Salem Al-Eedi سالم العيدي

Personal information
- Full name: Salem Rashed Juma Al-Eedi
- Date of birth: 24 June 1994 (age 30)
- Place of birth: Sharjah, United Arab Emirates
- Height: 1.77 m (5 ft 10 in)
- Position(s): Defender

Youth career
- 2010–2011: Ajman
- 2011–2017: Al-Jazira

Senior career*
- Years: Team / Apps / (Gls)
- 2018–2022: Al-Jazira / 18 / (0)
- 2020–2021: → Khor Fakkan (loan) / 6 / (0)
- 2021–2022: → Emirates (loan) / 14 / (0)
- 2022–2023: Al Urooba / 16 / (0)
- 2023–2024: Al Arabi

= Salem Al-Eedi =

Emirati association football player (born 1994)

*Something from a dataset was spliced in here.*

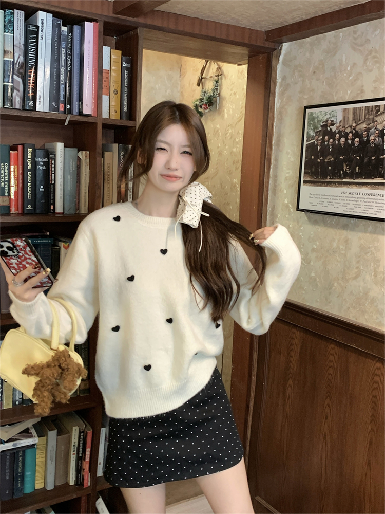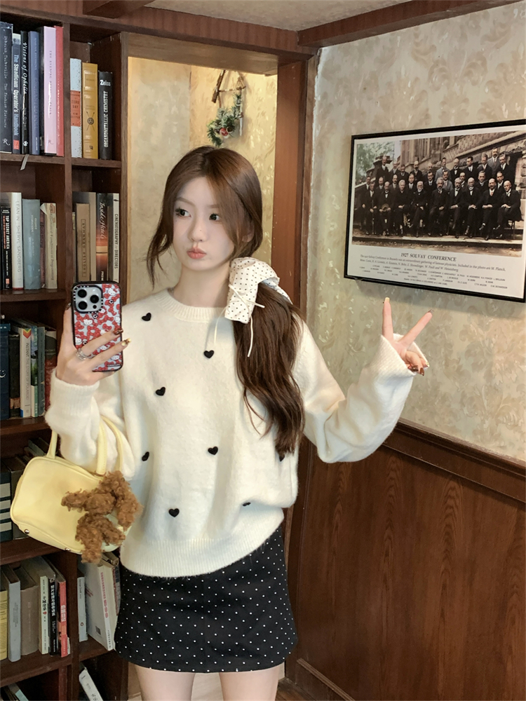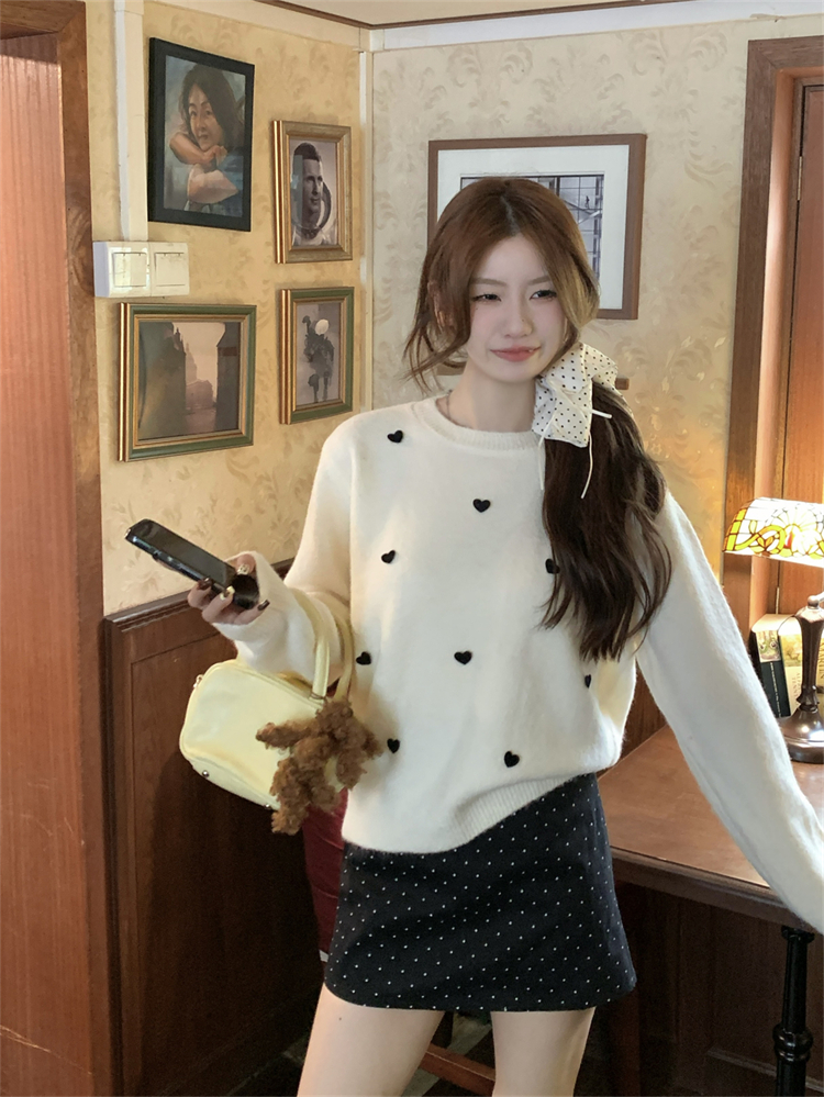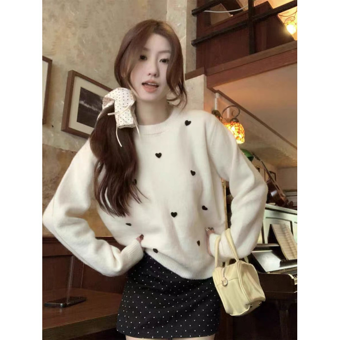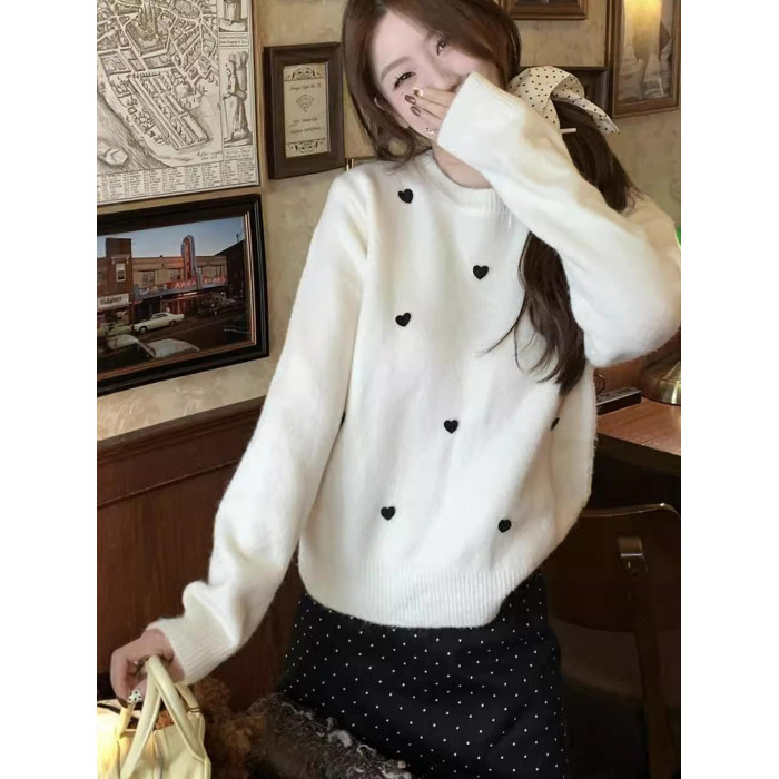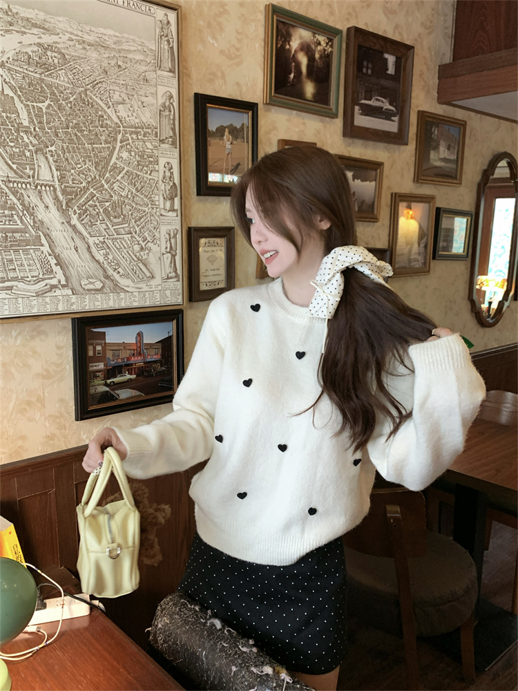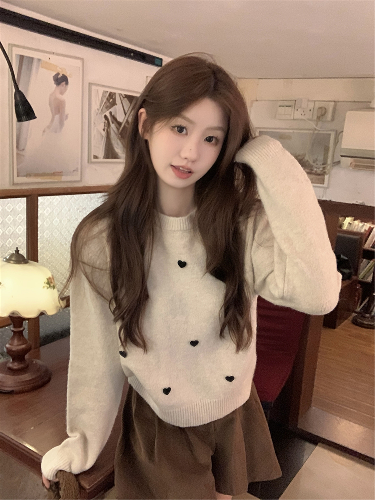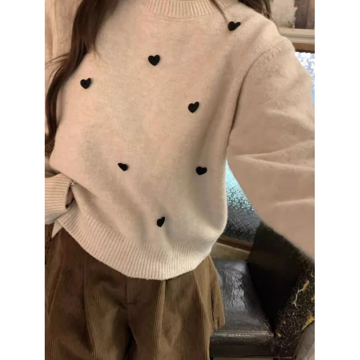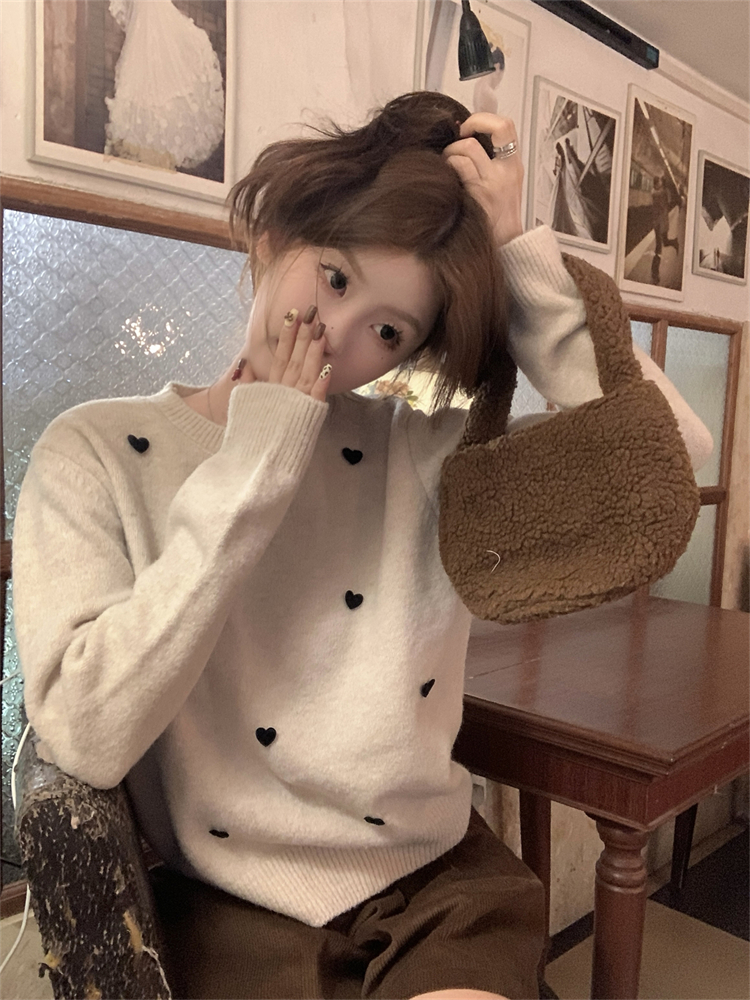 慵懶風甜美愛心圓領套頭毛衣女秋冬季新款針織打底衫寬松百搭上衣

Salem Al-Eedi (Arabic:سالم العيدي) (born 24 June 1994) is an Emirati footballer who plays as a defender.

==Career==
Al-Eedi started his career at Al-Jazira and is a product of the Al-Jazira's youth system Where he moved to him from Ajman's youth in 2011 . On 22 September 2017, Al-Eedi made his professional debut for Al-Jazira against Dibba Al-Fujairah in the Pro League.